EXERCISE PROMPT: Lower down are entries containing pictures. Copy exactly, without those pictures, the lines from the line with "①衣装は規定サイズ・規定数量" through the line with "Hex #a28bed Color".

MATERIAL SHOWN:

★ ★ ★

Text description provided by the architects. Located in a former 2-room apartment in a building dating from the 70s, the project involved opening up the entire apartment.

★ ★ ★

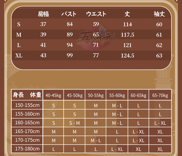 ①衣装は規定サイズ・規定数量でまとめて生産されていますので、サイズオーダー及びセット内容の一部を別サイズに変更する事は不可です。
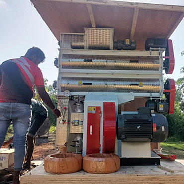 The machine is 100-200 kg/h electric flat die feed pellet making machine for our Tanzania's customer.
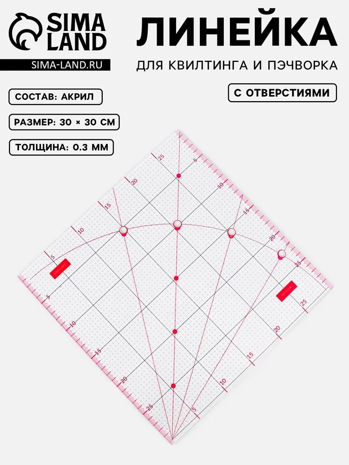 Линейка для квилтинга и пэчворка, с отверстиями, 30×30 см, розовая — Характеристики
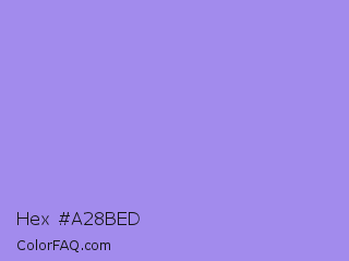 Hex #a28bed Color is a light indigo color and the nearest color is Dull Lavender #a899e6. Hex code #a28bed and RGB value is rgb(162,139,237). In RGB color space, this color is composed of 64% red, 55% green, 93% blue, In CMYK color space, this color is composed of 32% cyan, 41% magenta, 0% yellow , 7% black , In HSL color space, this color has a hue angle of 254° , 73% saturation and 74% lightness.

★ ★ ★

SOLUTION TO THIS TASK:
 ①衣装は規定サイズ・規定数量でまとめて生産されていますので、サイズオーダー及びセット内容の一部を別サイズに変更する事は不可です。
 The machine is 100-200 kg/h electric flat die feed pellet making machine for our Tanzania's customer.
 Линейка для квилтинга и пэчворка, с отверстиями, 30×30 см, розовая — Характеристики
 Hex #a28bed Color is a light indigo color and the nearest color is Dull Lavender #a899e6. Hex code #a28bed and RGB value is rgb(162,139,237). In RGB color space, this color is composed of 64% red, 55% green, 93% blue, In CMYK color space, this color is composed of 32% cyan, 41% magenta, 0% yellow , 7% black , In HSL color space, this color has a hue angle of 254° , 73% saturation and 74% lightness.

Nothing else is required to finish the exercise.